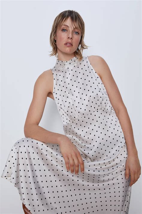 El satén sigue marcando tendencia esta temporada, y los lunares lo elevan aún más. Un vestido midi satinado de lunares en color negro de Zara, con cuello halter y espalda descubierta, es perfecto para una cena de entretiempo con sandalias y seguirá siendo un acierto en otoño con una blazer oversize y tacones.
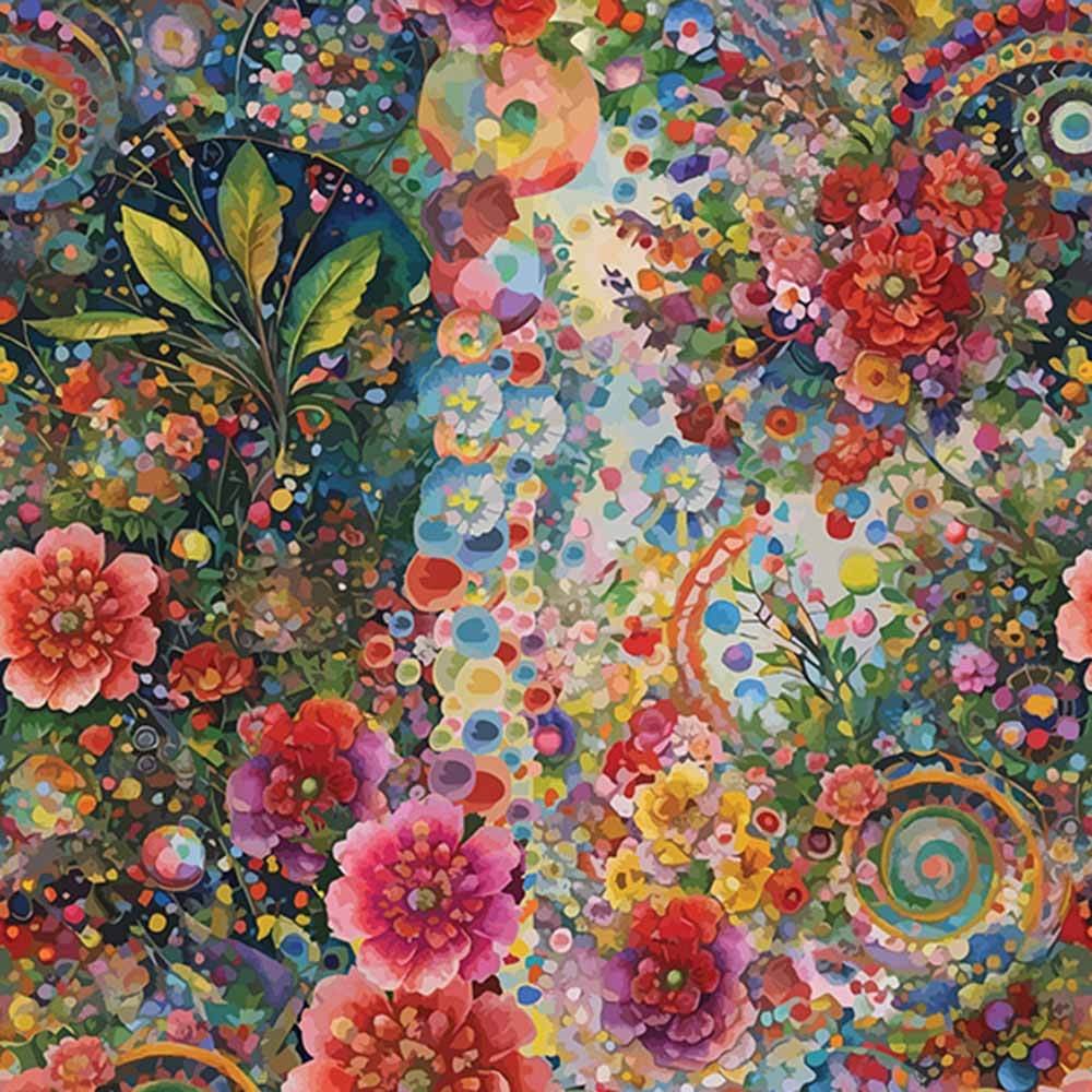 Featuring Marlies Janssen’s latest collection, the Whimsical Flower Garden, a vibrant quilt that brings a playful twist to the classic Tumbling Block design. Bring an eclectic and beautiful bouquet into any space. This quilt is full of vibrancy and movement. Each kit includes all the fabrics needed for one quilt top and binding. Pattern by Candy Quilt Design included. Finished size is 73" x 78". Backing available separately, 5 yards x 44" wide or 2-1/2 yards x 108" wide recommended.
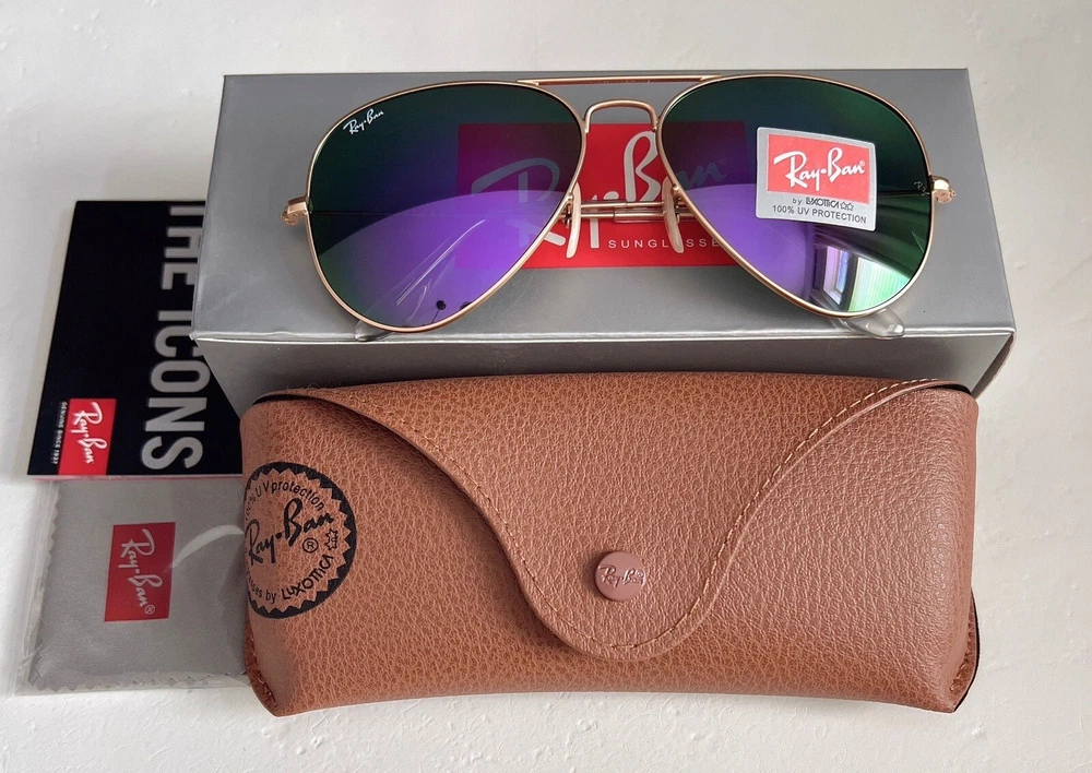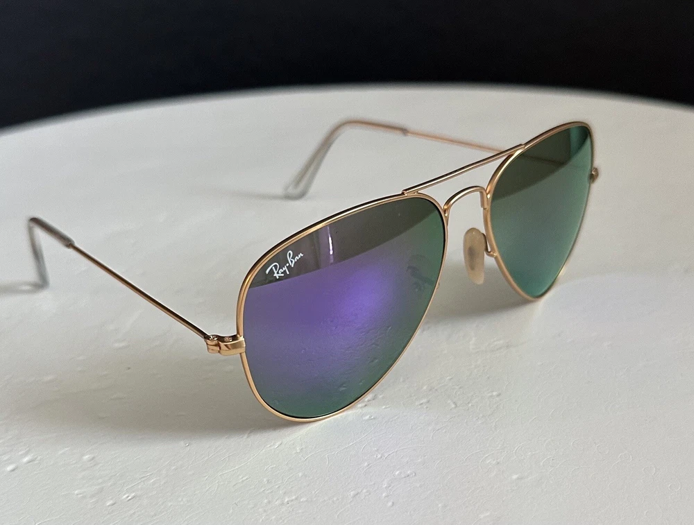 Model: Ray-Ban RB3025 Lens Technology: Mirrored Frame Material: Metal Pattern: Solid Temple Length: 135 mm Style: Aviator Department: Women UV Protection: UV400 Vintage: No Personalized: No Country/Region of Manufacture: Italy Type: Sunglasses Features: Oversized, Reflective Theme: 80s, 90s, American, Band, Beach, Biker, Classic, Designer, Motorcycle, USA Lens Material: Mirror Frame Color: Gold MPN: RB3025 Lens Color: Purple Brand: Ray-Ban

-- Try it --
Wherever a picture appears in the material above, skip it and copy the rest without change.

-- Result below --
 El satén sigue marcando tendencia esta temporada, y los lunares lo elevan aún más. Un vestido midi satinado de lunares en color negro de Zara, con cuello halter y espalda descubierta, es perfecto para una cena de entretiempo con sandalias y seguirá siendo un acierto en otoño con una blazer oversize y tacones.
 Featuring Marlies Janssen’s latest collection, the Whimsical Flower Garden, a vibrant quilt that brings a playful twist to the classic Tumbling Block design. Bring an eclectic and beautiful bouquet into any space. This quilt is full of vibrancy and movement. Each kit includes all the fabrics needed for one quilt top and binding. Pattern by Candy Quilt Design included. Finished size is 73" x 78". Backing available separately, 5 yards x 44" wide or 2-1/2 yards x 108" wide recommended.
 Model: Ray-Ban RB3025 Lens Technology: Mirrored Frame Material: Metal Pattern: Solid Temple Length: 135 mm Style: Aviator Department: Women UV Protection: UV400 Vintage: No Personalized: No Country/Region of Manufacture: Italy Type: Sunglasses Features: Oversized, Reflective Theme: 80s, 90s, American, Band, Beach, Biker, Classic, Designer, Motorcycle, USA Lens Material: Mirror Frame Color: Gold MPN: RB3025 Lens Color: Purple Brand: Ray-Ban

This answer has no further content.